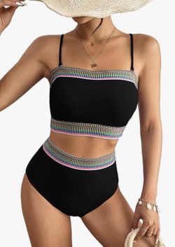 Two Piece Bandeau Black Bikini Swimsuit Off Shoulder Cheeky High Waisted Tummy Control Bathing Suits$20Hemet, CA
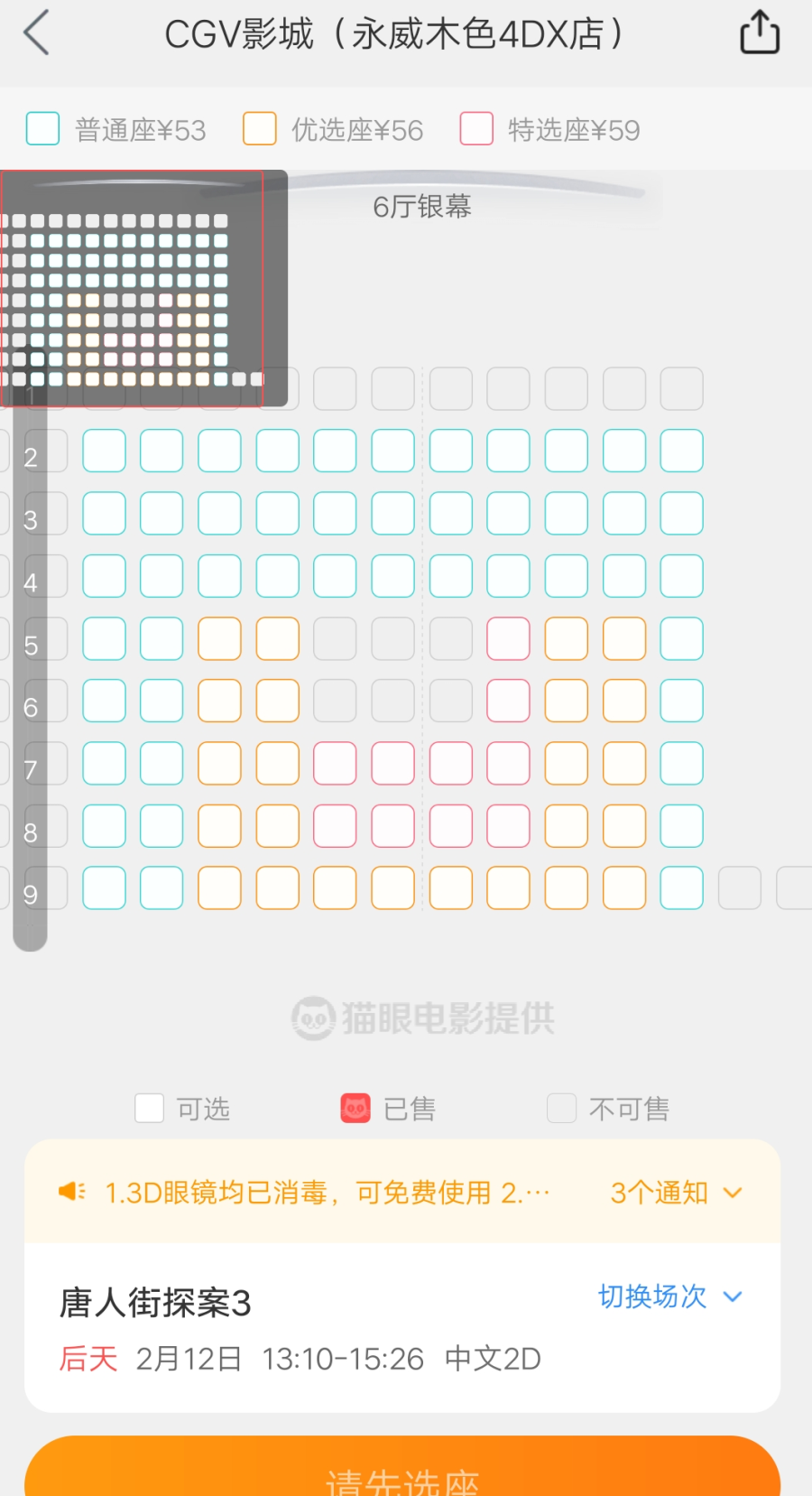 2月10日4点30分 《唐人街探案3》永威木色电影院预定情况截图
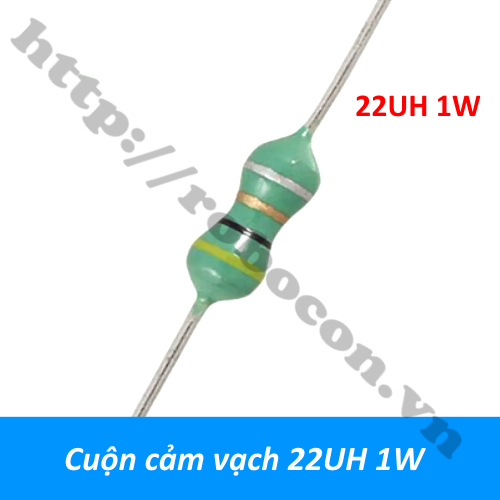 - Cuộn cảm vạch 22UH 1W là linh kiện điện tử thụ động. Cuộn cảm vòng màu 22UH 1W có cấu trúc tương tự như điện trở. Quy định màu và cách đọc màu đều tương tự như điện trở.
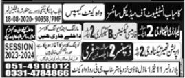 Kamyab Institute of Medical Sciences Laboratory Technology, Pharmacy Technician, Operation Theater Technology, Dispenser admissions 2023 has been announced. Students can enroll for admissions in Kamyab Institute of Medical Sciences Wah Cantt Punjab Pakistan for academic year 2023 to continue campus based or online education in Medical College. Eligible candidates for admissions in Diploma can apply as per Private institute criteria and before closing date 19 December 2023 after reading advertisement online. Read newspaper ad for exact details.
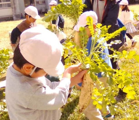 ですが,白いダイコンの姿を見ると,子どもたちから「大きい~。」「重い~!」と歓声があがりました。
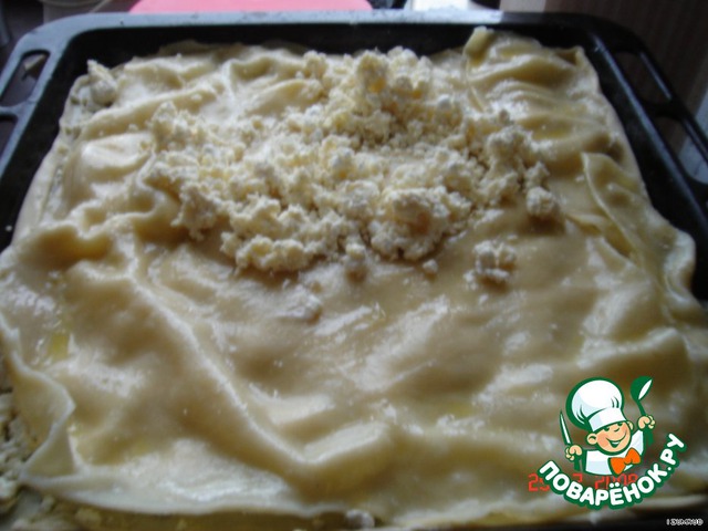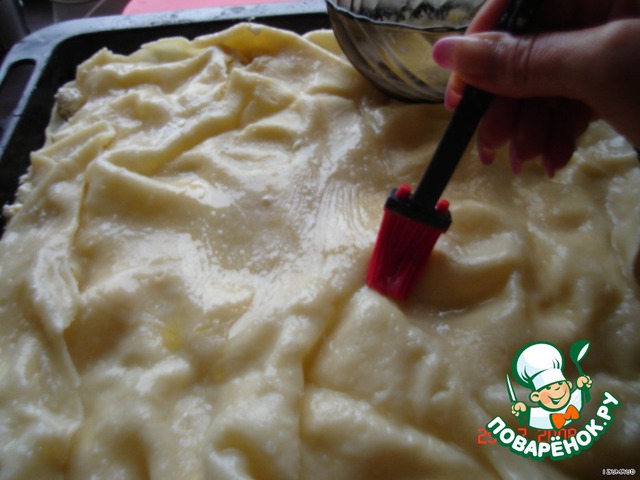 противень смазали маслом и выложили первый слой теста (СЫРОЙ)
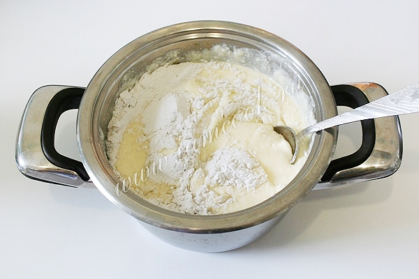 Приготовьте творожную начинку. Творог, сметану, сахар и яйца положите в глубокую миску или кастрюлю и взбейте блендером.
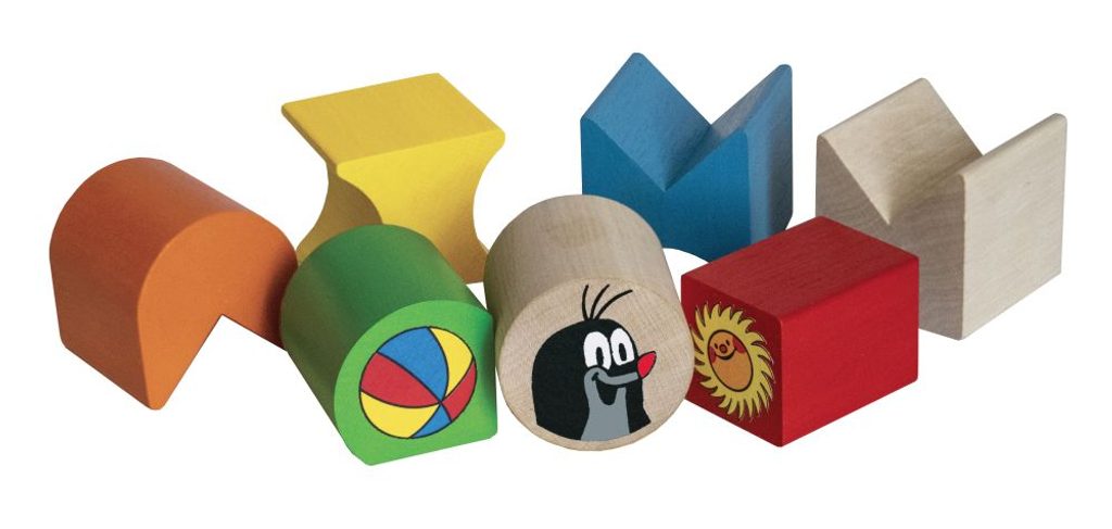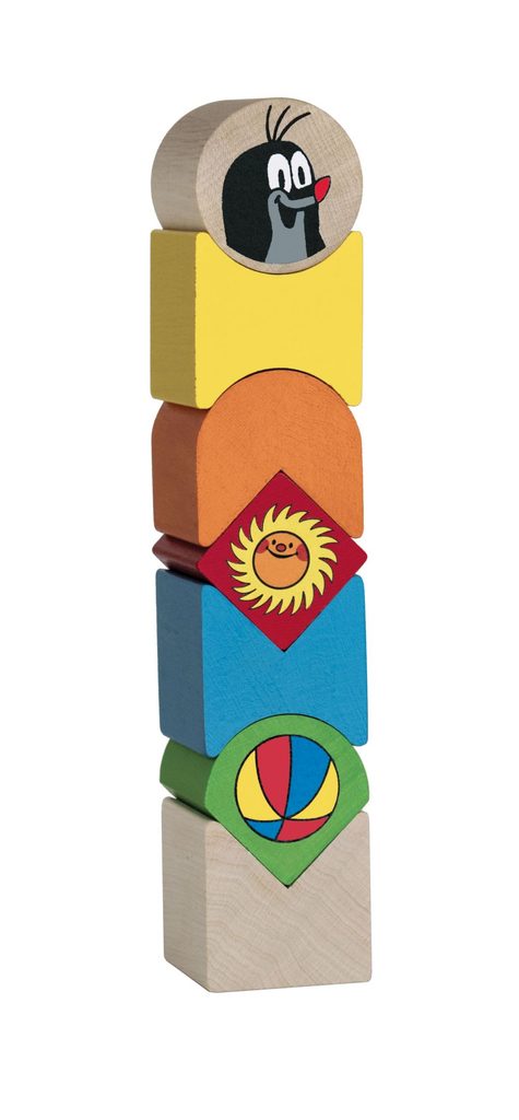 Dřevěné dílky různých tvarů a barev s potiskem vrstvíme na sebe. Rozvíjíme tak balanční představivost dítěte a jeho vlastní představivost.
----------
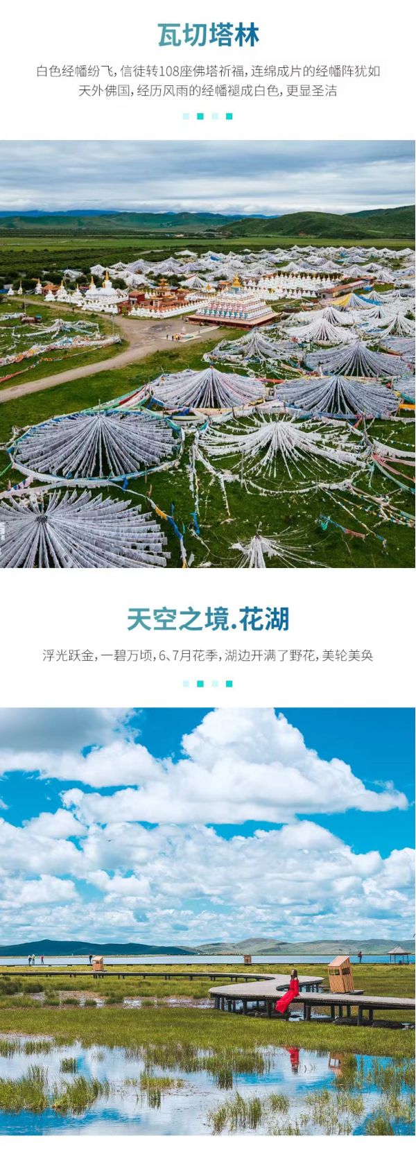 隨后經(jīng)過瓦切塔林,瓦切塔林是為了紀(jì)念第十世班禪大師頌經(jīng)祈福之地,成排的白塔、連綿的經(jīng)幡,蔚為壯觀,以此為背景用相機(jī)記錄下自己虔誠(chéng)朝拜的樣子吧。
----------
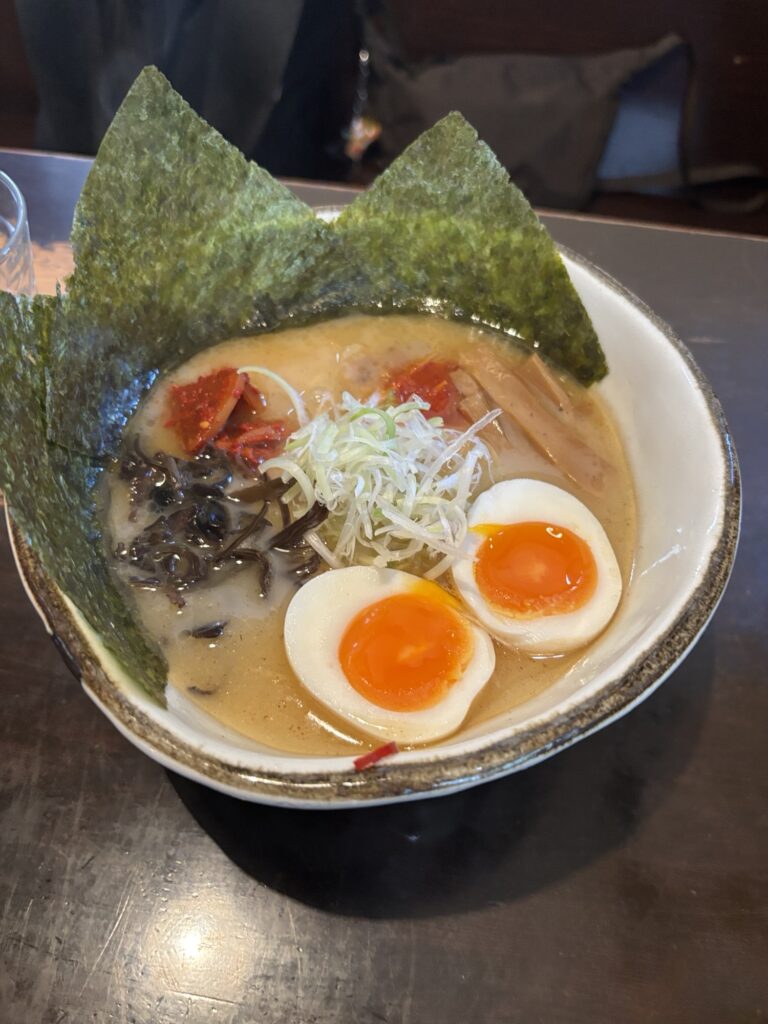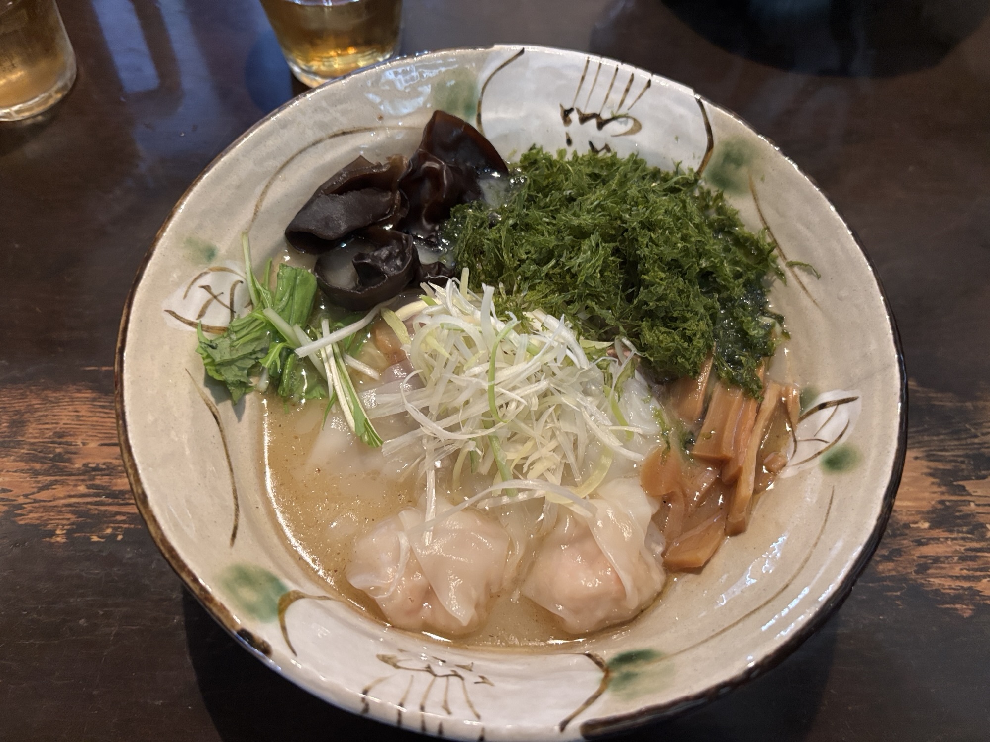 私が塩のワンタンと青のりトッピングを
----------
ASSIGNMENT: Beginning with the line above that contains "Two Piece Bandeau" and ending with the line that contains "Dřevěné dílky různých", quote each line exactly, keeping out the pictures.

COMPLETED TASK:
 Two Piece Bandeau Black Bikini Swimsuit Off Shoulder Cheeky High Waisted Tummy Control Bathing Suits$20Hemet, CA
 2月10日4点30分 《唐人街探案3》永威木色电影院预定情况截图
 - Cuộn cảm vạch 22UH 1W là linh kiện điện tử thụ động. Cuộn cảm vòng màu 22UH 1W có cấu trúc tương tự như điện trở. Quy định màu và cách đọc màu đều tương tự như điện trở.
 Kamyab Institute of Medical Sciences Laboratory Technology, Pharmacy Technician, Operation Theater Technology, Dispenser admissions 2023 has been announced. Students can enroll for admissions in Kamyab Institute of Medical Sciences Wah Cantt Punjab Pakistan for academic year 2023 to continue campus based or online education in Medical College. Eligible candidates for admissions in Diploma can apply as per Private institute criteria and before closing date 19 December 2023 after reading advertisement online. Read newspaper ad for exact details.
 ですが,白いダイコンの姿を見ると,子どもたちから「大きい~。」「重い~!」と歓声があがりました。
 противень смазали маслом и выложили первый слой теста (СЫРОЙ)
 Приготовьте творожную начинку. Творог, сметану, сахар и яйца положите в глубокую миску или кастрюлю и взбейте блендером.
 Dřevěné dílky různých tvarů a barev s potiskem vrstvíme na sebe. Rozvíjíme tak balanční představivost dítěte a jeho vlastní představivost.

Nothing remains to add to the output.